Dominant pole compensation is implemented in most general purpose operational amplifiers by adding an integrating capacitance to the second stage. The size of the capacitance is sufficient to create a pole at a frequency of approx. 4 Hz, which reduces to one the gain at which the next higher frequency pole occurs. The result is a phase margin of 45° (dominant pole yields -90° from approx. 40 Hz to next highest frequency pole, which adds another -45° for a total of -135°). This is sufficient to prevent oscillation in the most commonly used feedback configurations.

Though simple and effective, this kind of conservative dominant pole compensation has two drawbacks:

1. It reduces the available open loop gain of the amplifier at higher frequencies, reducing its bandwidth. This, in turn, reduces the amount of feedback available for distortion correction, etc. at higher frequencies.

2. It reduces the amplifier's slew rate. This reduction results from the time it takes the finite current driving the second stage to charge the compensating capacitor. The result is the inability of the amplifier to reproduce high amplitude, high frequency signals accurately.

[edit] Other methods

Other compensation methods are lead compensation, lead-lag compensation and feed-forward compensation.

Lead compensation. Whereas lag compensation places a pole in the open loop response, lead compensation places a zero^[2] in the open loop response to cancel one of the existing poles.

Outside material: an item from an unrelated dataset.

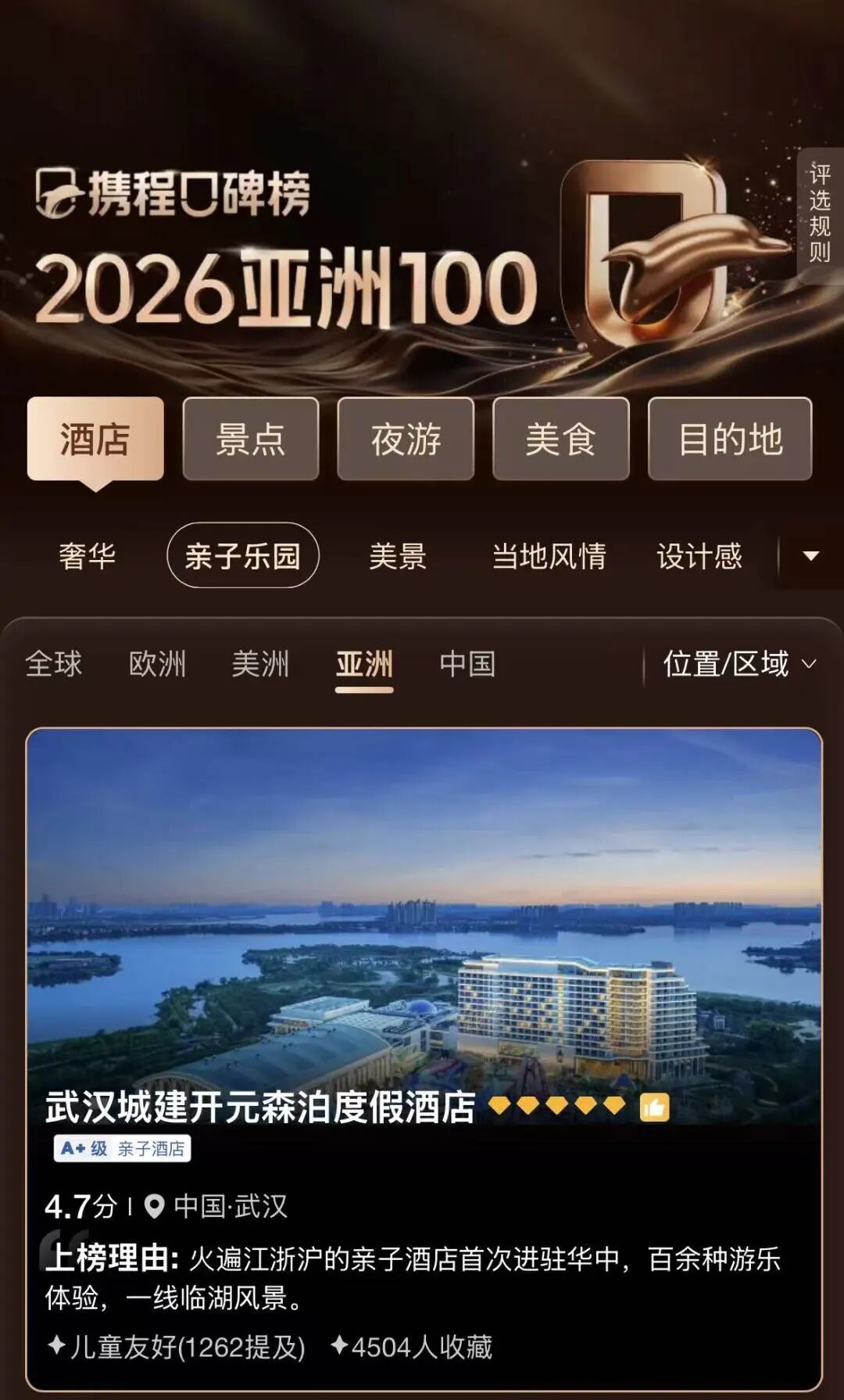 近日,攜程平臺(tái)發(fā)布《攜程口碑榜2026年度榜單》,武漢城建開(kāi)元森泊度假酒店成功上榜亞洲親子樂(lè)園酒店百?gòu)?qiáng),位列亞洲第58位、國(guó)內(nèi)第29位,成為湖北省唯一上榜的酒店。

Lead-lag compensation places both a zero and a pole in the open loop response, with the pole usually being at an open loop gain of less than one.

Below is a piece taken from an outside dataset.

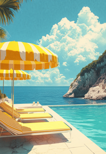 Realistic photo shot, 80's style, this image shows a picturesque scene of a poolside with sun loungers, two large yellow umbrellas, and a serene ocean view. yellow striped details --v 6.1 --ar 11:16

Feed-forward compensation uses a capacitor to bypass a stage in the amplifier at high frequencies, thereby eliminating the pole that stage creates.

The purpose of all three of these is to allow greater open loop bandwidth while still maintaining amplifier closed loop stability. They are often used to compensate high gain, wide bandwidth amplifiers.

[edit] Footnotes

1. ^ In this context, a pole is the point in a frequency response curve where the amplitude decreases by 3db due to an integrating resistance and capacitive reactance. Ultimately, each pole will result in a phase lag of 90°, i.e., the output signal will lag behind the input signal by 90° at this point. For the mathematical concept of a pole, see, Pole (complex analysis).
2. ^ In this context, a zero is the point in a frequency response curve where the amplitude increases by 3db due to a differentiating resistance and capacitive reactance. Ultimately, each zero will result in a phase lead of 90°, i.e., the phase of the output signal will be 90° ahead of the phase of the input signal at this point. For the mathematical concept of a zero, see, Zero (complex analysis).